54.        Last year the Welsh NHS Confederation published the ‘Socio-economic deprivation and health’[x]briefing. This highlights the correlation between socio-economic deprivation and people’s health and well-being outcomes, with the gap in life expectancy for people living in the most deprived and the least deprived areas of Wales currently stands at 9.2 years for men and 7.1 years for women for all Wales.[xi] In some Health Boards the discrepancy in healthy life expectancy between the most and least deprived is over 20 years. Through analysing trends across socio-economic groups we highlight how deprivation has an impact on child development, people’s lifestyle choices, healthy life expectancy, including living with an illness or chronic condition, and life expectancy. It is now the time for all public sector organisations, including the health service, to work together to tackle deprivation and inequality. Through the Public Health (Wales) Bill and the Well-being of Future Generations (Wales) Act 20015 it is imperative that collaboration across all public bodies improves to achieve a “healthier Wales” and an “equal Wales”. We must deliver a more integrated and preventative approach for our public’s health that has maximum impact to reduce inequalities and keep people healthier for longer.

 

 

Conclusion

55.        While the Public Health (Wales) Bill is debated it is vital to recognise the key role that public health plays in reducing health inequalities, ensuring positive outcomes for the Welsh population and reducing demand on the NHS. While the demand for NHS services will never go away, the point at which the NHS intervenes has huge implications on both the cost and quality of care provided. By working with public health initiatives, and allowing the public to take more responsibility for their own health, we can reduce the complexity, and therefore the demand, of some of our highest need cases. Services in Wales need to be integrated, person-centred, co-ordinated, community based and focused on people’s well-being.

 

56.        With the introduction of the Public Health (Wales) Bill, now is the time for us all to act together. Through a systems approach - sharing our collective assets, following the principles of sustainability and prudent healthcare and complying with our unique legislation, the Well-being of Future Generations (Wales) Act 2015, we have the opportunity and responsibility to work collaboratively across sectors and organisations. It is essential to listen to and empower our people, and to appreciate the assets within our communities, allowing them an equal part in all decisions and plans for their life, health and happiness. Assembly Members have a key role to ensure that together we can achieve a healthier, happier and fairer Wales.

 

 



[i] The Welsh NHS Confederation response to the ‘Listening to you – Your health matters’ White Paper in June 2014 and the ‘Public Health (Wales) Bill’ in July 2015.

[ii] The Welsh NHS Confederation, November 2016. Public Health Challenges in Wales: A briefing for AMs.

[iii] Health & Social Care Information Centre, 2013. Smoking, drinking and drug use among young people in England in 2012.

[iv] Aneurin Bevan University Health Board, July 2016: The Technical Report of a Blood‐Borne Virus Look‐Back Exercise related to a body piercing and tattooing studio in Newport, South Wales. www.wales.nhs.uk/sitesplus/866/news/42624

[v] The Welsh NHS Confederation, October 2015. The 2016 Challenge: A vision for NHS Wales.

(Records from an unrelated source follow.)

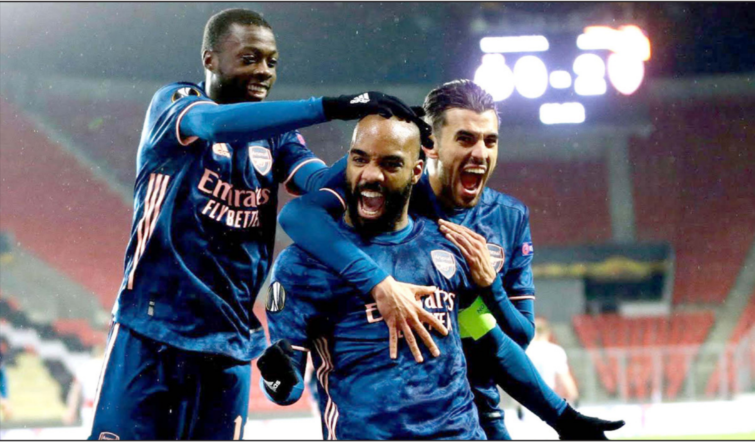
لاعب أرسنال يحتفلون بتسجيل الهدف الرابع في مرمى سلافيا براغ

عاصم - أ ف ب: ضرب مانشستر يونايتد وروما موعداً في نصف نهائي الدوري الأوروبي، بعدما تخليا عقبة ربع النهائي، فبيما يلتقي في نصف النهائي الآخر فياريال ومدريه أوناي إييري مع فريقه السابق أرسنال، ويلعب يونايتد نصف النهائي بعدما جدد فوزه على غرناطة 2-0 صفر أياها، ليبقى على أماله بتحقيق لقب أول منذ 2017 حين توج بطلا لهذه المسابقة بالذات، وسجل الأوروغواياني اديسون كافاني (6) وخبوسوس فايبوخو (4+90) خطاً في مرماه هدي أصحاب الأرض. وكان يونايتد فزاً فاز 2-0 صفر في الاندلس ليتهي المغامرة القارية الأولى على الإطلاق لغرناطة، وضمن يونايتد عودته إلى حد كبير لدوري الأبطال الموسم المقبل من خلال مركزه الثاني في الدوري خلف جاره مانشستر سيتي، لكن الفوز بـ"يوروبا ليغ" سيمنحه فرصة تجنب إنهاء الموسم خالي الوفاض بما أن مشواره في الكأس الانكليزية انتهى عند ربع النهائي على يد ليدستر، ودخل "الشياطين الحمر" اللقاء بمعنويات عالية بعد فوزه على توتنهام 3-1 في النوري الاحد المنصرم، وخاض اللقاء بفغياب الثلاثي هاري ماغوير ولوك شو وسكوت ماکتوميني بسبب الإيقاف، ولو حظ تغيير لسون اليطالطة الموضوع على مقاعد ملعب "أولد ترافورد"، من اللون الاحمر الى الاسود بعدما قال المدرب اولي غونار سولشاير ان اللاعبين كانوا يعانون لرؤية زملائهم بسبب تداول لون القميص الاحمر مع الخلفية، إضافة الى أنها تزامنت مع الحملة ضد العنصرية. وعبر روما، آخر سفراء إيطاليا في البطولات الأوروبية، إلى نصف النهائي بعد تعادله 1-1 مع ضيفه أياكس بعدما حقق انتصاراً ذهاباً 2-1 في هولندا، وتقدم أياكس عن طريق براين بروبي (49)، قبل ان يدرك إيدن ديجكو التعادل لروما في الدقيقة 72، وفي ظل معاناته محلياً حيث يحتل روما المركز السابع بفارق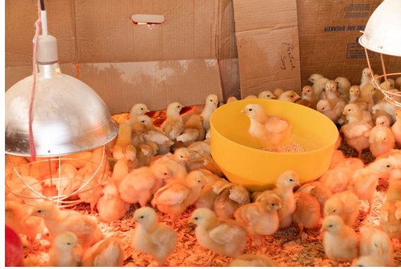
potret anak ayam

Infectious Bronchitis Virus (IBV) menyebabkan penyakit pernapasan yang menyebar sangat cepat pada anak ayam.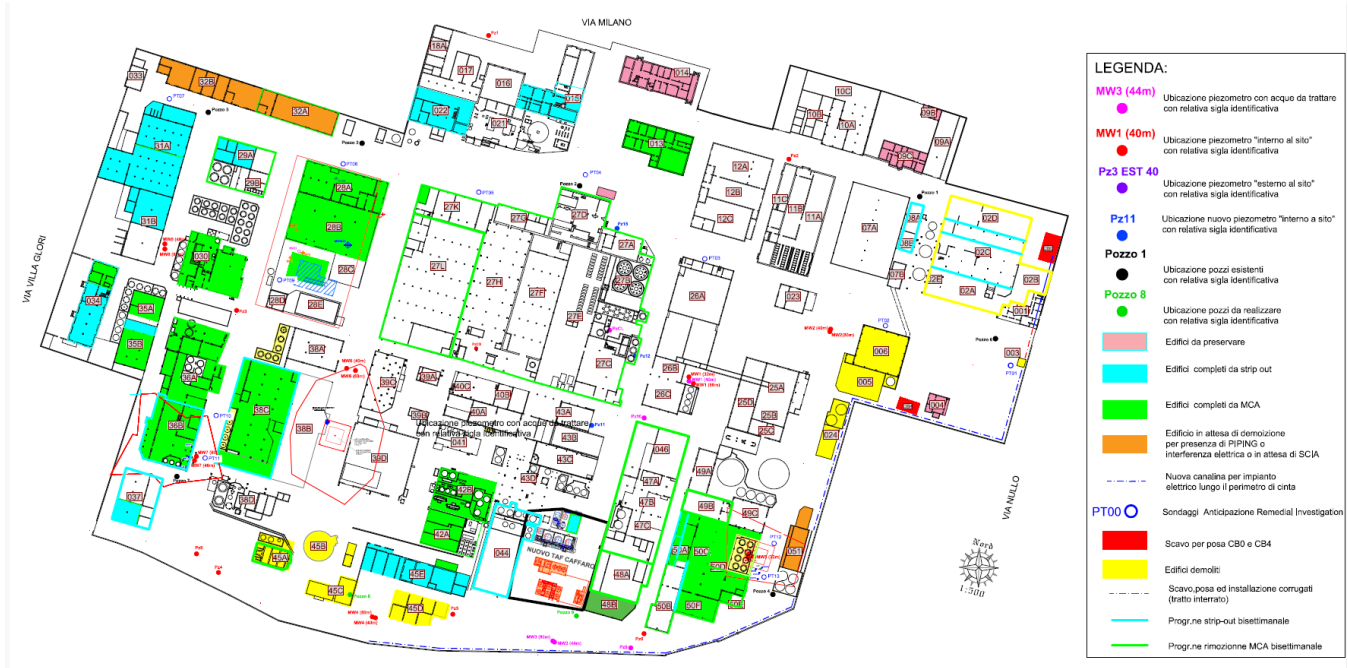
Figura 1: Planimetria demolizioni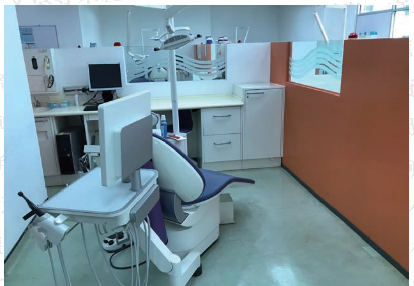
student clinic診間隔間板上的紅燈就是學生要check時可以按的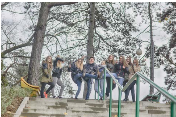
15.10., Zespół Szkół Ponadgimnazjalnych im. Józefa Nojego w Czarnkowie, „Czarnków – portret miasta”, plener fotograficzny śladami Marka Poźniaka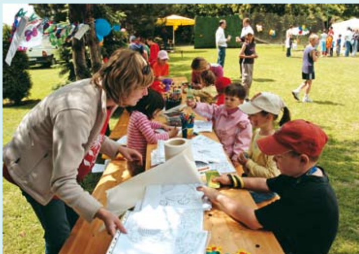
Toľko umelcov na jednej kope ťažko ešte niekde nájsť!

Detičky to brali ako samozrejmosť, a sústredene bojovali o každú loptičku. No dospelákom to akosi nešlo do hlavy, že lopta priam ideálne nahaná na smech, neskončila z ich rakety nechytateľne v poli súpera, ale takmer na špiči ich tenisiky, a tak sem tam šmarili raketu do zeme a nadávali si do idiotov... No aj tak treba po-

[vi] The Welsh NHS Confederation, November 2016. Public Health Challenges in Wales: A briefing for AMs.

[vii]The Welsh NHS Confederation, January 2014. From Rhetoric to Reality – NHS Wales in 10 years’ time.

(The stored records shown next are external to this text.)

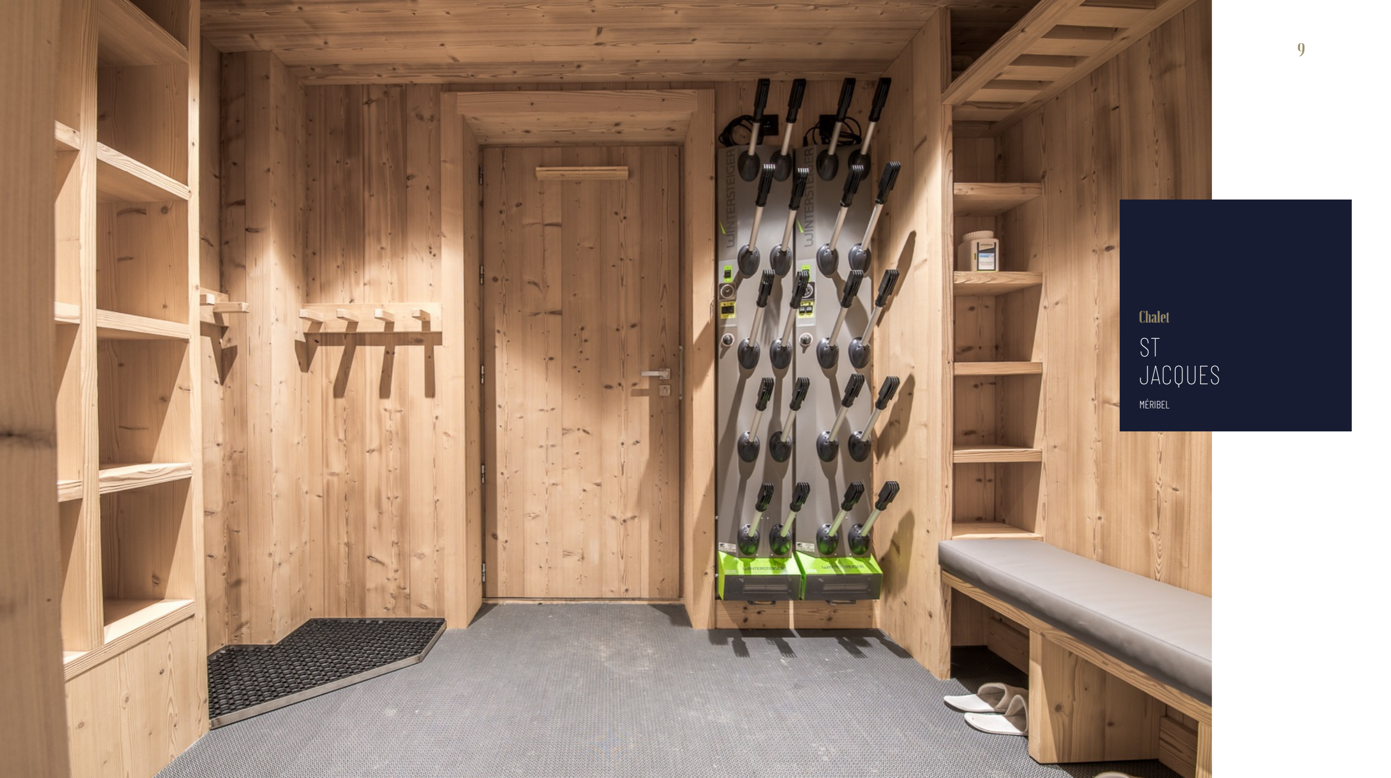
Chalet ST JACQUES MÉRIBEL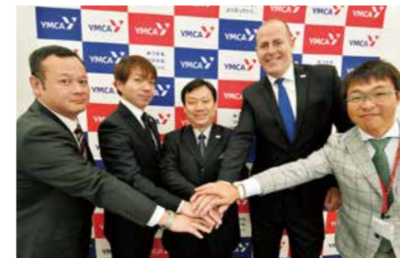
大阪日日新聞 2018年10月30日掲載

もちろん日本の国公立大学や難関私立大学への進学をサポートするための受験指導も行います。生徒さんや保護者の方々の中には「数学や理科の授業を英語で行うことで学力が低下するのではないか」と心配される方もいらっしゃいますが、各教科とも外国人教員と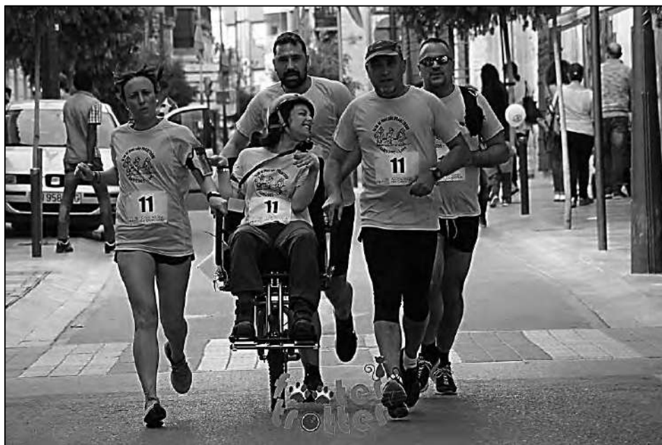
Primer Campeonato Nacional de Carreras con Joëlette, en Lorca 2018.

como decimos cada carrera cuenta con una reglamentación y hay que estar atento a lo que disponga en la que tengamos previsto participar.

[viii] The NHS Confederation, 2013. Health on the high street: rethinking the role of community pharmacy.

[ix] Older Peoples Commissioner for Wales, 2014. The Importance and Impact of Community Services within Wales.

[x] The Welsh NHS Confederation, June 2015. Socio-economic deprivation and health.

[xi] Public Health Wales Observatory, December 2011. Measuring inequalities. Trends in mortality and life expectancy in Wales.